The practical reason single-request decoding is hard to accelerate is that each next token forces you to read and write a growing amount of state—especially the key/value cache used by attention. For batch=1, you can’t “hide” this cost behind other requests the way throughput-optimized stacks do. Multiple studies and recent systems analyses point to the same set of bottlenecks in transformer decoding—memory bandwidth, memory capacity, compute capacity, and synchronization overhead—where KV-cache movement is often dominant for latency-first generation, especially as context grows.

Builder consequence: if you’re trying to improve tokens/sec for one live user, you usually get farther by reducing memory movement (cache size, cache precision, copies, syncs) than by chasing more FLOPS.

The two metrics that actually describe UX

For interactive agents, coding assistants, and streaming chat, “throughput” is often the wrong headline metric. Two metrics matter more:

Single-request decoding speed (tokens/sec at batch=1): how fast you can keep streaming once generation starts.
TTFT (time to first token): how long users wait before they see anything.

NVIDIA’s LLM benchmarking guidance explicitly treats TTFT separately from steady-state token generation, because systems can look “fast” in tokens/sec while still feeling sluggish if prompt processing, scheduling, or runtime overhead delay first output.

Builder consequence: if you only optimize tokens/sec, you can still lose the product war on perceived latency. Instrument TTFT and tokens/sec separately, and don’t accept “kernel speedups” without end-to-end timing.

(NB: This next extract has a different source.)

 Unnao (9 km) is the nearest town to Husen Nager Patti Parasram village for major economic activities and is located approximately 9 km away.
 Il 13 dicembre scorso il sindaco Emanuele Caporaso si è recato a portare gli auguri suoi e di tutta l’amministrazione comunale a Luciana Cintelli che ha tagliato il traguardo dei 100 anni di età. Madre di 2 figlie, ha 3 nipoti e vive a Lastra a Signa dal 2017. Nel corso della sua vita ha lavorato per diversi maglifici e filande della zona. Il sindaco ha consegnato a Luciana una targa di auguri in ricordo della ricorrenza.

What Kog’s preview implies: co-design beats batching-first stacks

Kog’s core claim is not that MI300X or H200 suddenly became magical; it’s that typical inference stacks are tuned for aggregate throughput via batching, leaving substantial batch=1 performance unused. Their preview positions single-request decoding as primarily limited by memory traffic and synchronization, and argues for co-design across model architecture, runtime scheduling, and low-level kernels to approach hardware ceilings.

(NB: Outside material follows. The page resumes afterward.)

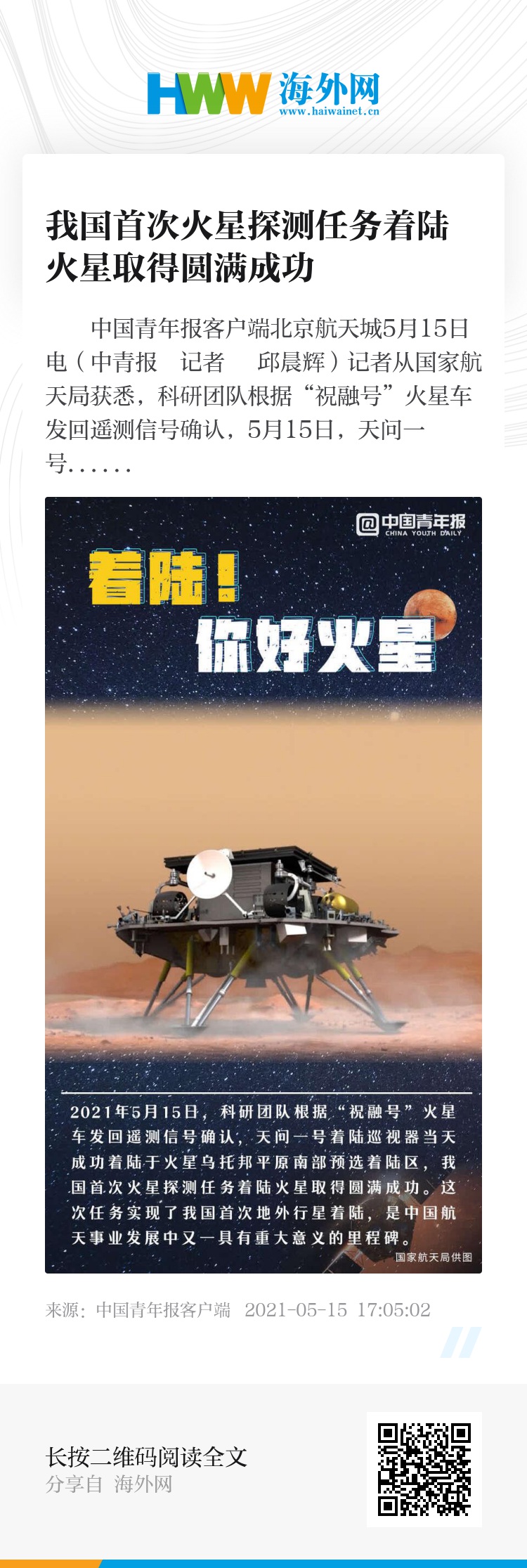 中国青年报客户端北京航天城5月15日电(中青报・中青网记者 邱晨辉)记者从国家航天局获悉,科研团队根据“祝融号”火星车发回遥测信号确认,5月15日,天问一号着陆巡视器成功着陆于火星乌托邦平原南部预选着陆区,我国首次火星探测任务着陆火星取得圆满成功。

They also report (via Kog/AI in Use writeups) up to ~3.5× faster token generation versus common stacks like vLLM and TensorRT in some evaluations, emphasizing latency-sensitive workloads.

Builder consequence: “faster model serving” isn’t one layer. If your runtime adds copies, synchronization points, or batching-oriented scheduling, it can erase gains from better kernels.

Practical levers you can actually pull (and what each buys you)

If you’re trying to reproduce the shape of these gains—even if you can’t reproduce Kog’s exact stack—there are a few levers that map directly to the bandwidth thesis:

Kernel/runtime alignment: reduce data copies, fuse operations where possible, and avoid unnecessary synchronization—especially across devices. The goal is to keep the GPU fed while minimizing memory round-trips. This is where synchronization overhead can quietly dominate at batch=1.
Reduce KV-cache pressure: smaller caches move less data. Recent techniques discussed in the literature include KV-cache quantization in the 2–4 bit range to shrink bandwidth and memory footprint, and methods like BitDecoding that aim to exploit tensor-core-friendly paths for long contexts.
Precision strategy: Kog’s headline numbers use FP16 on a 2B dense model. Their broader argument (including community back-and-forth) is that moving to FP8 or mixed quantization changes the effective memory footprint and bandwidth needs, which is what you must win to raise single-request decode speed.

Builder consequence: the “best” lever depends on whether your bottleneck is bandwidth, capacity, or cross-device overhead. You need profiling that tells you which wall you’re hitting.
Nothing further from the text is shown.